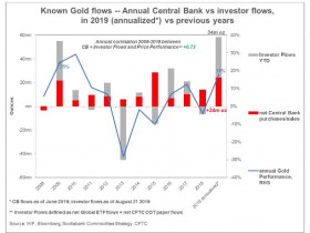 Daß die Zentralbanken das 4 Jahr in Folge Gold in zunehmendem Umfang kaufen, ist bekannt und gut, aber die enorme Zunahme der Investitionskäufe in 2019 bereits ist doch beeindruckend.
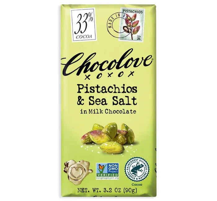 Chocolove Pistachios & Sea Salt Chocolate Candy Bars: 12-Piece Box
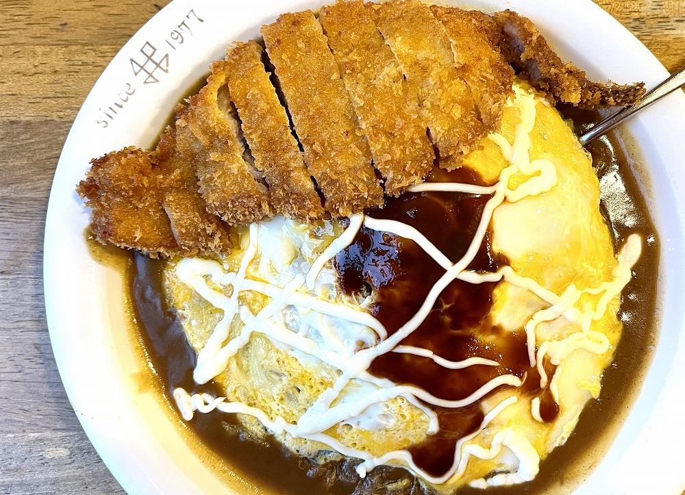 ボリュームがあり、男性に人気の高いカツカレーですが、ライスは小盛り(-50グラム)もリクエストできるので、量を調整したい人におすすめです。
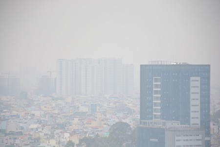 Nhìn từ một tòa nhà cao tầng trên đường Lê Đại Hành về hướng Nam, khu du lịch Đầm Sen vẫn chìm trong sương mù trắng đục. Các khu dân cư ở khu vực quận 5, Tân Bình, Tân Phú cũng trong tình trạng thời tiết tương tự.
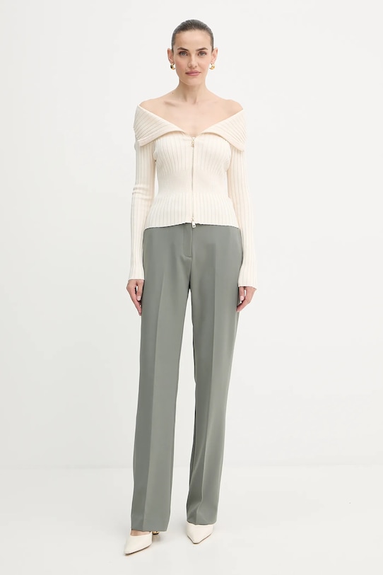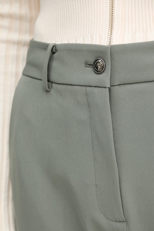 Эти брюки из коллекции Guess изготовлены из тонкой эластичной ткани. Содержание полиэстера делает материал менее мнущимся. - Содержит переработанный пластик. - Простой дизайн, не стесняющий движений. - Модель с высокой талией, застежкой на молнию и пуговицы. - Два боковых накладных кармана. - Имитация карманов на ягодицах. - Штанина отутюживается в складку. - Ширина талии: 36 см. - Ширина бедер: 49 см. - Высота талии: 29 см. - Ширина штанины снизу: 25 см. - Ширина штанины: 28 см. - Длина по внутреннему шву: 83 см. - Размеры указаны для размера: S.
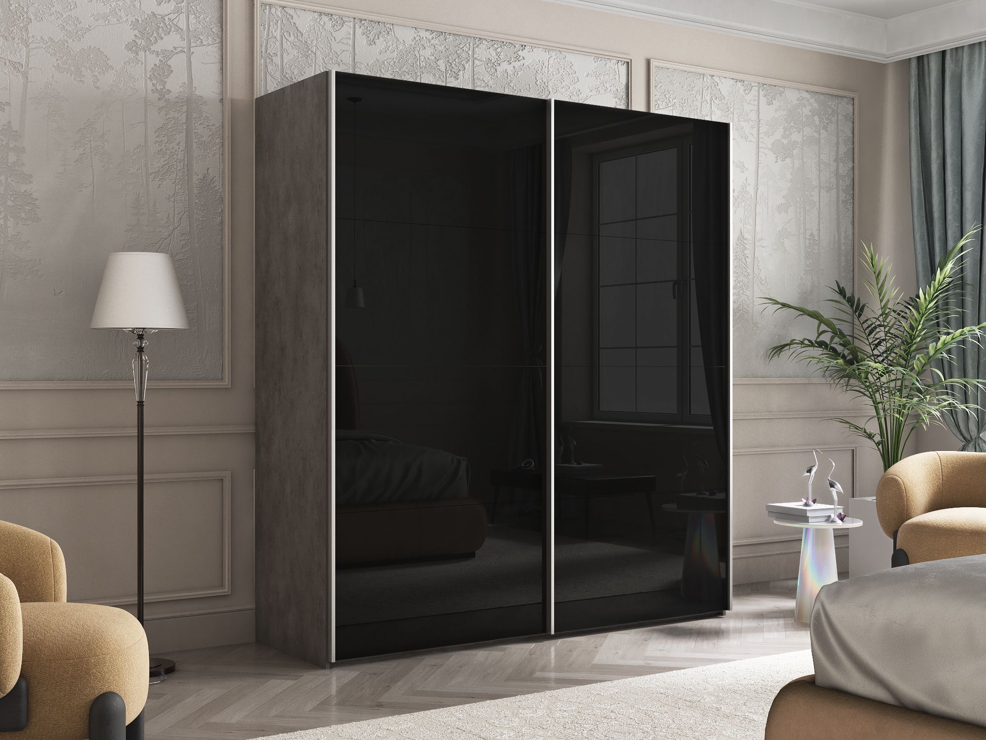 Отзывы о Столплит Шкаф Эста дуо Стекло черное 2400 х 2000 х 660 Бетон серый
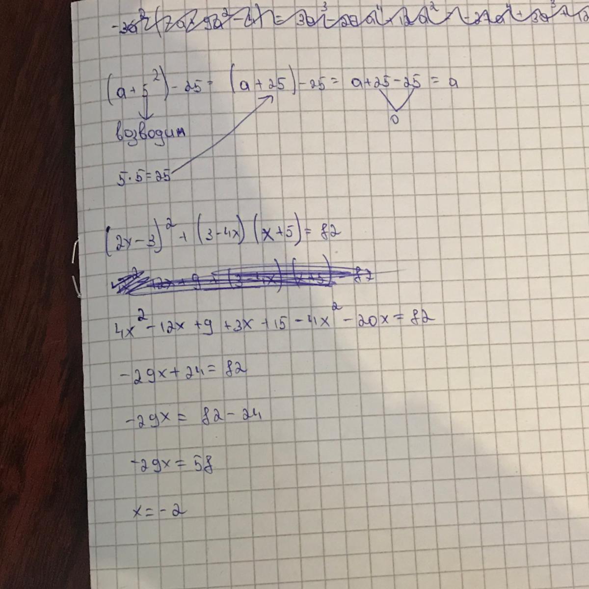 (2x-3)²+(3-4x)(x+5)=82
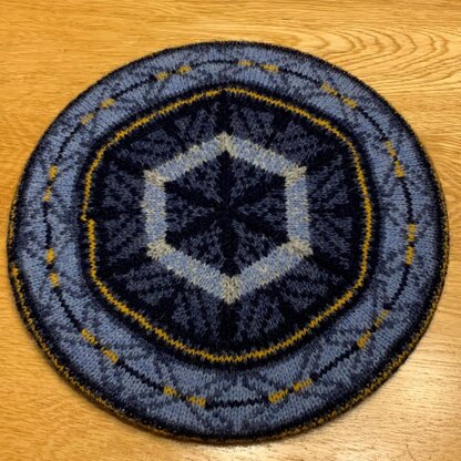 This nautical tam uses five shades of Jamieson's of Shetland Spindrift. It's an easy and enjoyable knit. Knitted in the round it has a corrugated rib and Fair Isle patterning.
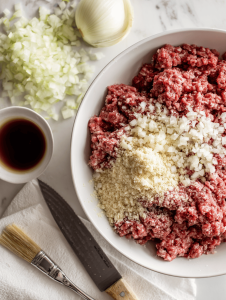 - Ground beef (or mix of beef and pork): Provides the hearty, juicy base with a rich flavor. Swap with ground turkey for a leaner, milder result.
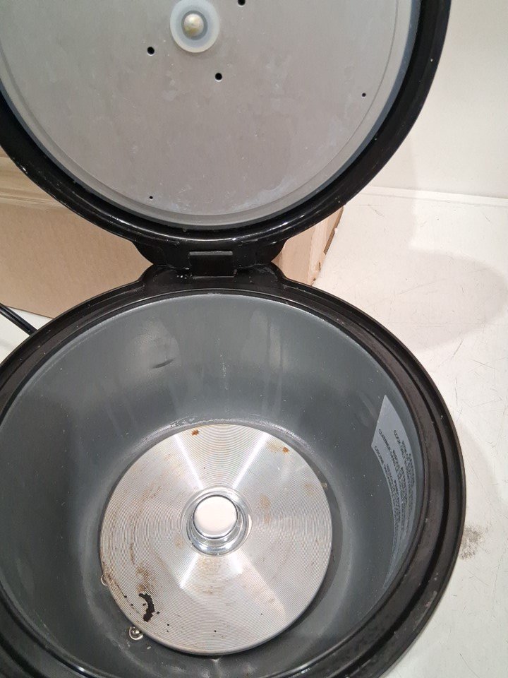 Tested for power. Has some residue in the maker from use.
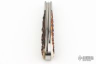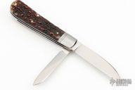 This two-blade swayback from Ryuichi Kawamura features two hand rub satin finished blades with Ryu's mirror polished ricassos and swedges, both have nail nicks. Both have half-stops. Spring is flush in all positions. The handle has threaded stainless steel bolsters, stainless steel liners and springs and stag covers. This is a gorgeous example of Ryuichi's talent/craftsmanship. Includes a velcro case.  Excellent Condition.
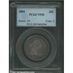 1804 25C VF30 PCGS. B-1, High R.3. While not a one-year type like the 1796, the 1804 is often mentio
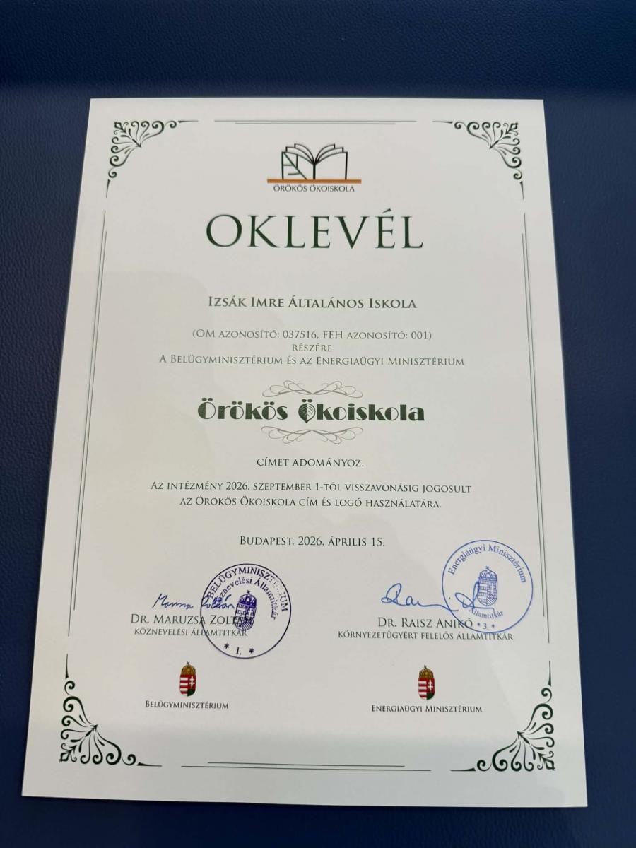 A Belügyminisztérium és az Energiaügyi Minisztérium Örökös Ökoiskolai címmel ismerte el a Biróné Györkös Lívia által vezetett természettudományos munkaközösség munkáját, mely cím használatára intézményünk ezután határozatlan ideig jogosult. Köszönjük kollégáink példamutató munkáját!
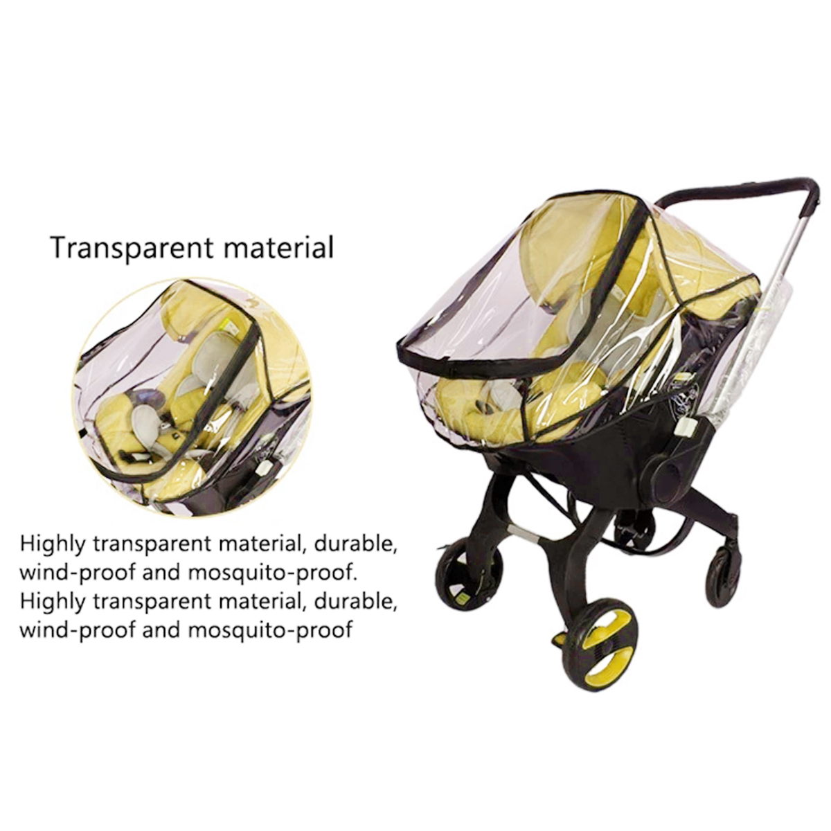 - Transparent Window:The high definition and the transparent protective window do not block view vision. Both baby and parent can see each other. The transparent stroller raincoat shows the babies’ real-time baby’s current situation for the parent, effectively reducing accidents happened.
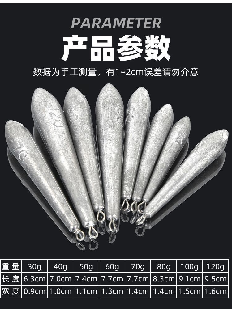 形状 加长柳叶铅坠30g,加长柳叶铅坠40g,加长柳叶铅坠50g,加长柳叶铅坠60g,加长柳叶铅坠70g,加长柳叶铅坠80g,加长柳叶铅坠100g,加长柳叶铅坠120g
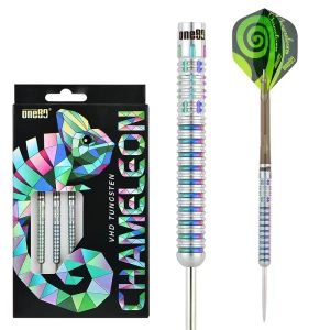 Lotki do darta One80 z serii Chameleon w wersjii steeltip. Seria Chameleon wyposażona jest w zaawansowaną powłokę tytanową PVD, która nadaje lotkom oszałamiający, trwały i metaliczny efekt tęczy. Lotki są doskonale wyważone podczas rzutu. Wykonane z wysokiej jakości wolframu VHD i z maksymalną dbałością o szczegóły.
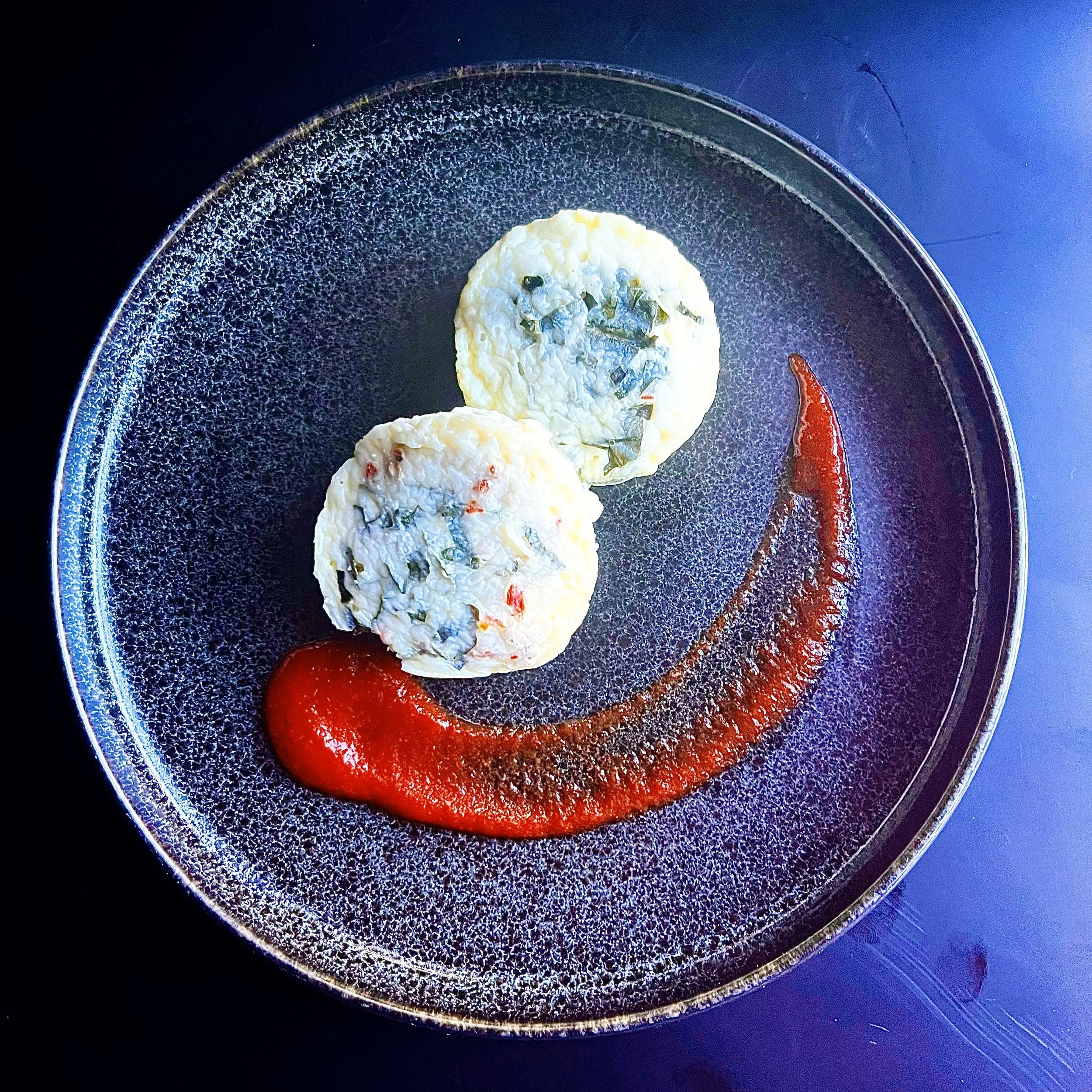 luxurious coconut-tomato curry sauce with chickpea, spinach , broccoli, herbed basmati rice

» Exercise prompt:
When copying from the data above, print only the lines from the line containing "(2x-3)²+(3-4x)(x+5)=82" to the line containing "- Ground beef", exactly, and leave the pictures out.

» Answer for the task:
 (2x-3)²+(3-4x)(x+5)=82
 This nautical tam uses five shades of Jamieson's of Shetland Spindrift. It's an easy and enjoyable knit. Knitted in the round it has a corrugated rib and Fair Isle patterning.
 - Ground beef (or mix of beef and pork): Provides the hearty, juicy base with a rich flavor. Swap with ground turkey for a leaner, milder result.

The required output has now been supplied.